I am hoping mine arrives tomorrow.  It seems to be lost currently in dhl land.


----------



## Sofie (Dec 30, 2008)

We ordered our Roo case on November 13th and it arrived today via USPS.


----------



## CegAbq (Mar 17, 2009)

Mine was shipped by USPS which is probably why I can't track it; hoping it gets here on Monday! I ordered the magenta.
Going to compare it to this because I REALLY like that purple.


----------



## ellesu (Feb 19, 2009)

I received my red Roo    last week even though when I ordered it wasn't expected to arrive until Dec.  Odd.  I am happy with the case.  However, the two black Roo cases I ordered on Nov. 2 haven't arrived yet - should be here next week.  No tracking available here either.


----------



## Sofie (Dec 30, 2008)

We had to go with a boring black Roo case. The Fire is technically my DH's and he refused to use "girly" colors.  I wanted Red.


----------



## Pushka (Oct 30, 2009)

The roo case for the fire seems much lighter than the Iconia one.  Black is very chic Sofie.


----------



## katy32 (Dec 20, 2010)

Still no roo case.  I messaged the seller on Wednesday of last week and still haven't received a response.  I think at this point I'm going to request a refund from amazon, since the last day in my delivery window was the 15th


----------



## ellesu (Feb 19, 2009)

katy32 said:


> Still no roo case. I messaged the seller on Wednesday of last week and still haven't received a response. I think at this point I'm going to request a refund from amazon, since the last day in my delivery window was the 15th


That's a shame. My two black roo cases arrived today. I would have to check but I think they were delivered within the delivery window - however, my red one arrived about about a month early. Odd. I hope you get a quick resolution. Mine all came USPS and there was absolutely no tracking info except to say they had left and were in transit.


----------



## ElaineOK (Jun 5, 2009)

I have a red, Roo case on order for my Touch.  It is coming from an ebay seller, and no tracking info.  I am really hoping it gets here tomorrow!  I want it for the holidays.

Elaine
Norman, OK


----------



## teri (Sep 13, 2010)

My magenta one says shipped as of yesterday and it also has a tracking number that doesn't register at UPS.  I was hoping to have it by Thanksgiving.


----------



## sherrymyra (Nov 24, 2011)

This looks perfect.  I think I will have to have one.  Now just decide on the color.  I wish there was purple.


----------



## parakeetgirl (Feb 27, 2009)

katy32 said:


> Still no roo case.
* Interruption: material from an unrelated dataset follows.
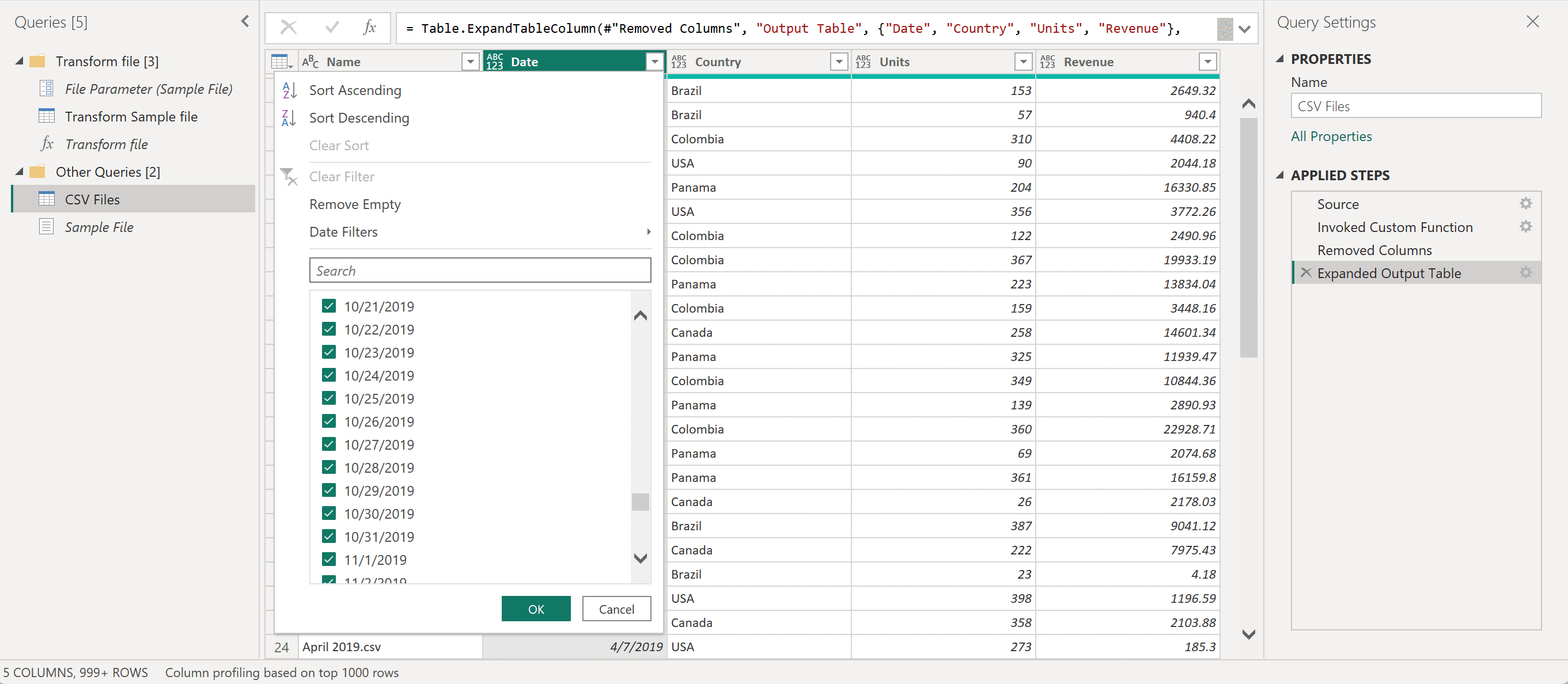 この新しいステップをクエリに適用すると、Transform file 関数が自動的に更新され、Transform Sample file で使用される 2 つのパラメーターに基づく 2 つのパラメーターが必要になります。

I messaged the seller on Wednesday of last week and still haven't received a response. I think at this point I'm going to request a refund from amazon, since the last day in my delivery window was the 15th


Same here..I have sent two emails with no response. Time to file a claim, I think..I'll wait and see what happens tomorrow, but after that, I want my money back.


----------



## parakeetgirl (Feb 27, 2009)

I filed a claim with Amazon and got my money refunded. I chose to take it in the form of an Amazon gift card. I also left seller feedback(negative). No excuse for not getting back to my emails.


----------



## Tina C. (Jan 20, 2010)

I ordered mine on Monday.  It arrived today which was fast.  I'm returning it though.  There is no way to secure the front part of the cover when it is closed, no type of front closure or magnetic type closure.  I ordered the book style.  I would be afraid to carry it in my purse incase something slipped inside and scratched the screen.


----------



## Vet (Apr 25, 2010)

Wow. I was going to buy this cover. The colors are nice, but I carry mine in a purse too. It would work with a sleeve though.


----------



## teri (Sep 13, 2010)

I don't like that it doesn't have a closure.    I thought it had an elastic strap.  I could be confused as I've looked at so many of them.  LOL  I just sent an email to the seller.  Mine was supposed to be delivered by the 22nd.  I don't have it and it looks like even if it shows I'll be sending it back.  I have another one from a different company coming the first week of December.


----------



## parakeetgirl (Feb 27, 2009)

Ok, this is just how things work for me. I got the case in the mail this morning, lol. Someone from PC Micro store( the 3rd party seller through Amazon) emailed me today. She said that they printed out shipping labels ahead of time and it was shipped later than I was told in the shipping email. She also said the case was way more popular than they thought it would be.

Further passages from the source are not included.